• [Input data]:
..............................
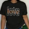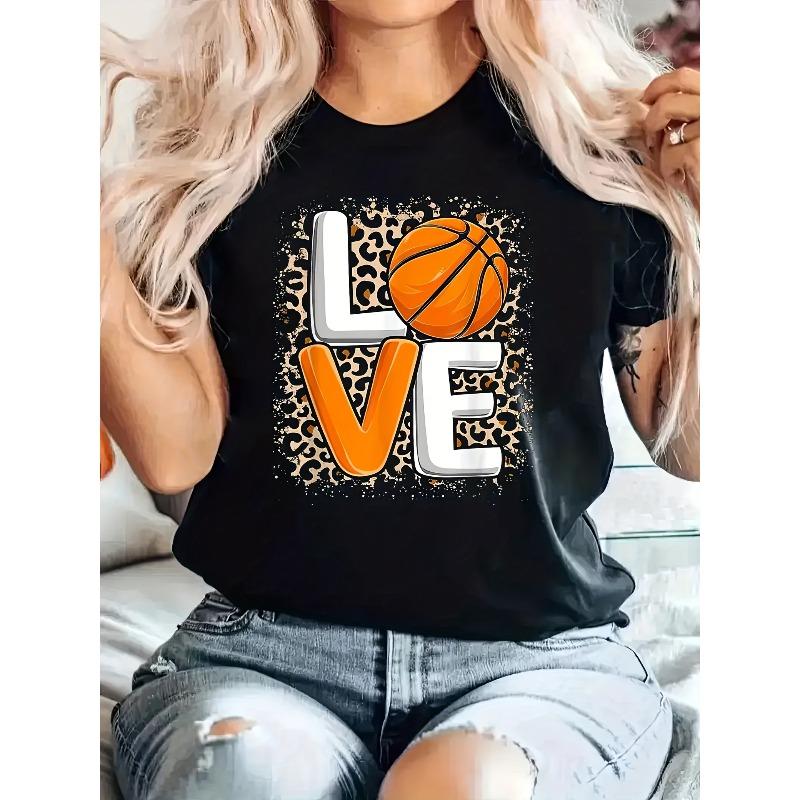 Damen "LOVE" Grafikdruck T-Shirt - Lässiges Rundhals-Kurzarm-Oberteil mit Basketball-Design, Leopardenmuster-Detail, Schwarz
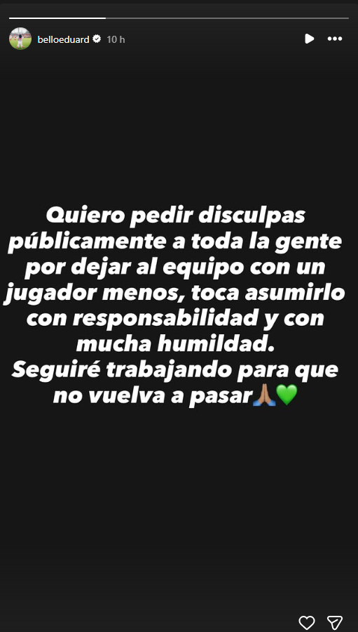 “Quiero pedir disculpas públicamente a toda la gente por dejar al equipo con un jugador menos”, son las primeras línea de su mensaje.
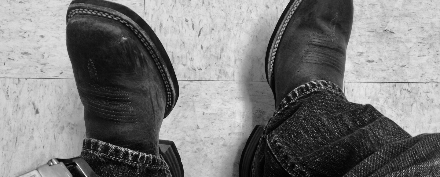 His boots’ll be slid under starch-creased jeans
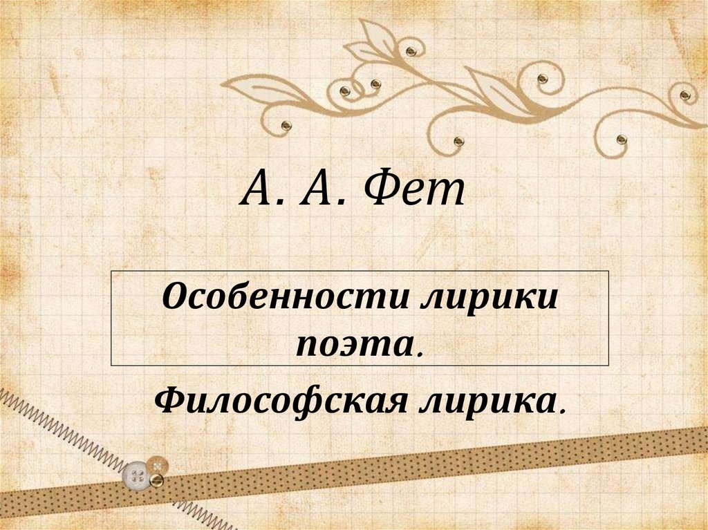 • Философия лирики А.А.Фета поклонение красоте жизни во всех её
..............................
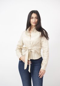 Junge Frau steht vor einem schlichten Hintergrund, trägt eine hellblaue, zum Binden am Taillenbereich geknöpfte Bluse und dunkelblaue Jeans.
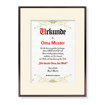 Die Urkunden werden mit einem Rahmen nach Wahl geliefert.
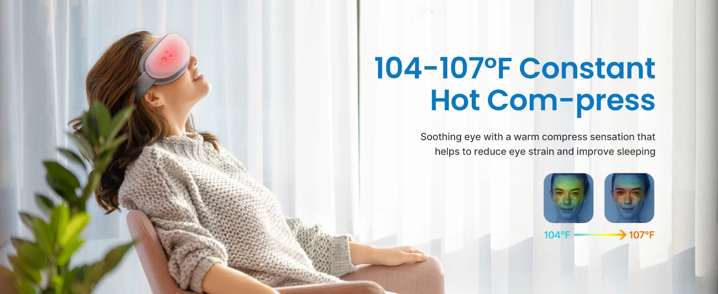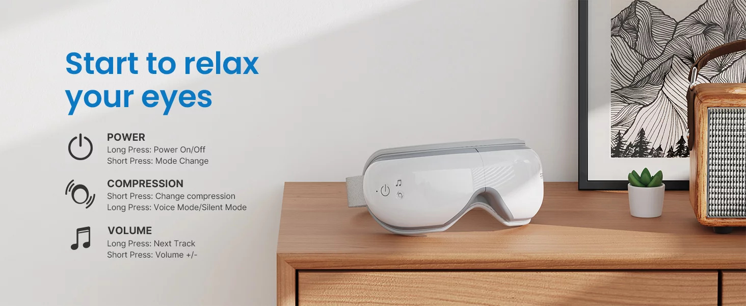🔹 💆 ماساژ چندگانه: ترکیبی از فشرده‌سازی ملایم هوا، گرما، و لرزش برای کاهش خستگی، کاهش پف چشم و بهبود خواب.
..............................
Pictures aside, print exactly the lines above starting with the one containing "Basketball-Design, Leopardenmuster-Detail, Schwarz" and going on through the one containing "жизни во всех её".

• [Task output]:
 Damen "LOVE" Grafikdruck T-Shirt - Lässiges Rundhals-Kurzarm-Oberteil mit Basketball-Design, Leopardenmuster-Detail, Schwarz
 “Quiero pedir disculpas públicamente a toda la gente por dejar al equipo con un jugador menos”, son las primeras línea de su mensaje.
 His boots’ll be slid under starch-creased jeans
 • Философия лирики А.А.Фета поклонение красоте жизни во всех её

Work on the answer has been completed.